Kiedy po godzinie sortowanie wreszcie ją znudziło, zabrała się za rysowanie. I tu znowu konstrukcja kredek była przeszkodą, bo konieczność każdorazowego zdjęcia skuwki rozpraszała mi dziecię, które ponownie zaczynało się bardziej interesować mechanizmem kredki niż kolorowanką. Pomogło zdjęcie skuwek ze wszystkich kredek. Chwilę zajęło też ogarnięcie, że w przypadku tych kredek nie ma pełnego freestyle’u i istotny jest kąt nachylenia do powierzchni. Im dłuższy sztyft jest wysunięty, tym swobodniej można dobierać kąt, ale zwiększa to ryzyko złamania kredki.
Mydło wszystko umyje
Producent chwali, że
Każda kredka znajduje się w plastikowej obudowie, która dzięki mechanizmowi wysuwania gwarantuje czyste ręce podczas użytkowania.

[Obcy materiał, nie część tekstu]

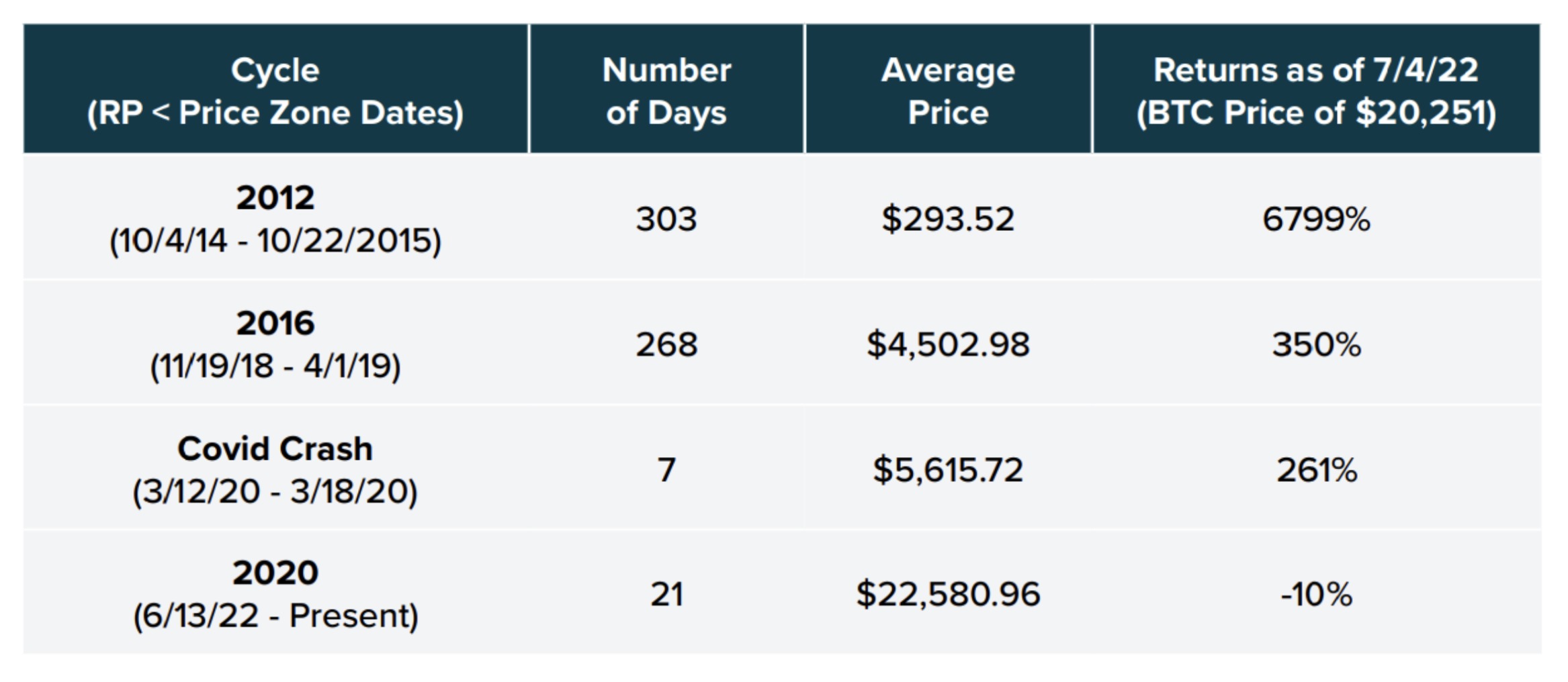It is interesting to note that by July 12, the cycle had completed 1,198 days. Since the entire cycle takes 1,725, it means that by that date there were four months until the realized price would cross above the BTC market price.
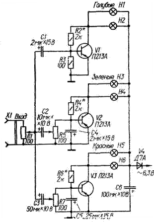 Приставка - трехканальная. Канал на транзисторе V1 усиливает составляющие высших частот, на транзисторе V2 - средних, на транзисторе V3 - низших. Разделение спектра частот входного сигнала осуществляется простейшими фильтрами R3C1, R5C2C4 и R7C3C5. Нагрузками транзисторов служат миниатюрные лампы накаливания МН6,3-0,28, окрашенные в голубой, зеленый и красный цвета.
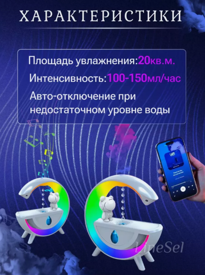 Увлажнитель воздуха антигравитационный с подсветкой и динамиками информация:
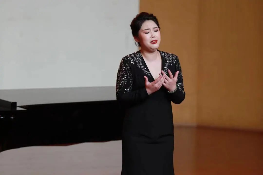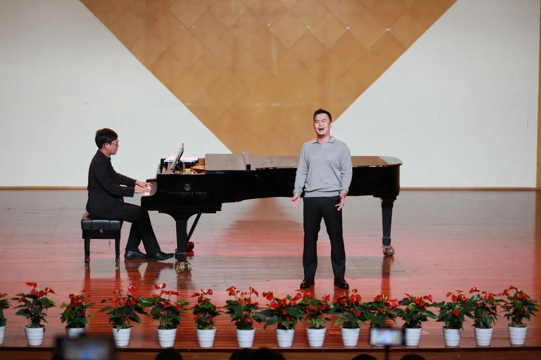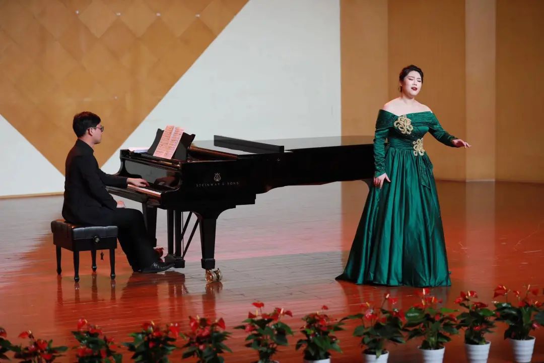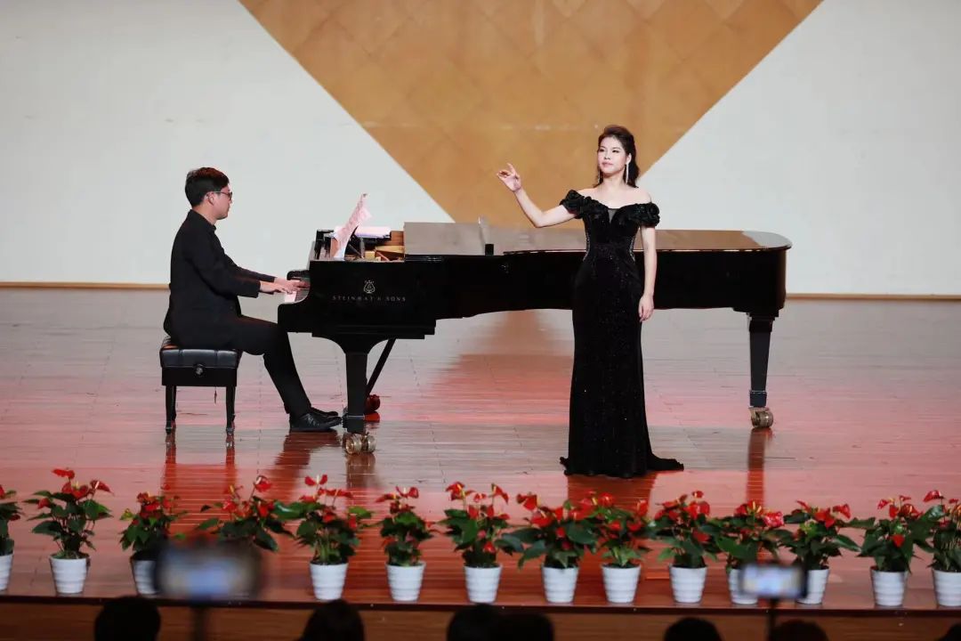 音樂(lè)會(huì)在熱烈的掌聲中拉開帷幕,本場(chǎng)音樂(lè)會(huì)共有十五首曲目,曲目種類豐富、風(fēng)格多樣。兩位同學(xué)以其飽滿的情感、精湛的演唱技巧輔以鋼琴再現(xiàn)了聲樂(lè)藝術(shù)的有聲維度,以及經(jīng)典作品中深厚的中華文化底蘊(yùn),唱出了喜慶二十大,實(shí)現(xiàn)第二個(gè)百年奮斗目標(biāo)的信心和決心。本場(chǎng)音樂(lè)會(huì)特邀青年鋼琴家,音樂(lè)學(xué)院青年教師熊壯壯擔(dān)任藝術(shù)指導(dǎo),特邀青年男中音,音樂(lè)學(xué)院21屆優(yōu)秀畢業(yè)生周余億強(qiáng)擔(dān)任助演嘉賓。兩位學(xué)生的專業(yè)教師朱卓凡登臺(tái)演唱一曲《奇妙的和諧》,為音樂(lè)會(huì)傾情助力。

Reklamą reklamą, a żywe dziecko żywym dzieckiem ;) Muszę jednak przyznać, że zmywanie kredek z twarzy, rąk i ciuchów poszło nad wyraz sprawnie.
Kredki lubią się z wodą i po przejechaniu mokrym pędzelkiem można uzyskać efekt akwareli. To dodatkowa atrakcja dla dziecka, dzięki czemu można jeszcze trochę dłużej się pobawić.
Podsumowanie
Trochę ponarzekałam, bo trzymam się założenia, że recenzje na BM są w 100% rzetelne i żadnej wadzie nie przepuszczę. Bądźmy jednak szczerzy – te kredki są oficjalnie dla dzieci nieco starszych. I dla nich sprawdzą się wyśmienicie. Dają intensywność flamastrów albo pasteli olejnych, a przy tym nie brudzą, nie zostawiają tłustych plam i nie przebijają. Doskonale nadają się do prac na dużym formacie, szczególnie gdy do pokrycia są duże jednolite powierzchnie.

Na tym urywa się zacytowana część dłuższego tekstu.